In some cases this has worked out well and in some case regulation has served to effectively destroy the industry in specific states, because the regulations made it uneconomic to run businesses profitably and in a way that provides an appropriate risk adjusted return for investors. The hyperlinked article above relates to regulation passed in the state of West Virginia that capped the rates of interest at 18% (no compounding allowed), which are below typical credit card rates of interest.  Arkansas has similarly capped rates at 17%.  This was done under the guise of protecting the consumer, but the PSA market no longer exists in the state of West Virginia, and so I am left scratching my head as to how regulation has helped protect the consumer when it has destroyed the economics of the industry which represents the sole solution to the problem.  In fact, what it does is protect the insurance industry, and I’m willing to bet the insurance lobby was hard at work behind the scenes crafting the bill.  The article references that 10% of all funding investments result in a nil outcome for the funder as the cases are either dismissed or lost at trial. While 10% strikes me as being quite high (although the extensive study cited below references a 12% default rate for one funder), it may result from frivolous cases being brought in the first place, something funding underwriters strive to avoid because it impacts their returns. In addition, there is anecdotal evidence that funders get less than contracted amounts in 30-40% of cases, similar to what was found in the Avraham/Sebok study referenced below.

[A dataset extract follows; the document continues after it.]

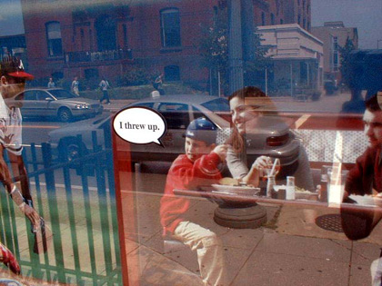 Altered bus stop shelter advertisement

Even at half the default rates, a 5% loss of principal (not including the associated lost accumulated interest) off of an 18% return profile results in a 13% gross return after losses, factor in a conservative 10% cost of capital (15% is not out of norms for smaller funders with less diversified portfolios) and the funder has 3% to both run their business and produce a profit for shareholders. Needless to say, the funding market did not find that attractive and left both the market and the consumer ‘high and dry’ which then allows the insurers to swoop in and keep abusing the consumer by delaying and denying payments. Not exactly what we pay our (handsomely, taxpayer compensated) elected representatives to do, is it?

As the industry started to self-regulate and individual states started to proactively regulate, the early movers in the industry began to find that the easy money was slowly disappearing, and either exited the industry or had tarnished their own brands’ reputations. In essence, the industry bifurcated into what I will refer to as the “Professionals” and the “Entrepreneurs”, like many industries before it.  The Entrepreneurs went on with a ‘business as usual’ attitude and likely were unable to significantly scale their businesses due to reputational issues, but were still able to provide sufficient returns to merit continuing their businesses, along with the occasional headline.

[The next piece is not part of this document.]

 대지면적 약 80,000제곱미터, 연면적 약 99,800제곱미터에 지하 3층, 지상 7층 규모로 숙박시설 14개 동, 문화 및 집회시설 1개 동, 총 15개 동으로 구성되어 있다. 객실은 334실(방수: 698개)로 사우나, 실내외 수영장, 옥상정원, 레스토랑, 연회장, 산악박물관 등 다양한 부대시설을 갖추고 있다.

The Professionals embraced and pushed for self-regulation and a seat at the table where individual states were considering regulation. They further started to professionalize their own organizations by embracing industry standards from the associations, embracing best practices and policies to govern their own operations, and by increasing the level of transparency with consumers.

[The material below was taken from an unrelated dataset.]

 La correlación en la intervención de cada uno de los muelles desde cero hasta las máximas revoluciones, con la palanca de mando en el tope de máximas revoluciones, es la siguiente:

Having built a reputable organization with a strong foundation, these businesses then started focusing on scaling to attract a lower cost of capital where they can then re-invest the incremental profits into their businesses and lower costs to the consumer, either as a result of the benefits of economies of scale, competition or regulation, and thereby become more competitive.  Today, some of the larger competitors in the industry have portfolios of hundreds of million of dollars of fundings outstanding, they are attracting private equity capital, and they are raising capital from the securitization markets, which are typically the domain of very conservative institutional investors.

These efforts to become more institutional have served them well in terms of increasing their scale, and hence increasing their marginal profitability, lowering their cost of funds to benefit both their operating margins and the cost to the consumer.  In doing so, they have effectively broadened the investor base for their operating platforms and the value of their enterprises because they have shed the negative stigma associated with the early days of the industry. Today, these enterprises are highly sophisticated organizations that understand at a deep level how to effectively & efficiently originate, underwrite and finance their businesses to provide a competitive product in the face of a regulating industry. This positions them well long-term, while the Entrepreneurial operators become more marginalized, from a consumer perspective, a commercial perspective and a capital perspective.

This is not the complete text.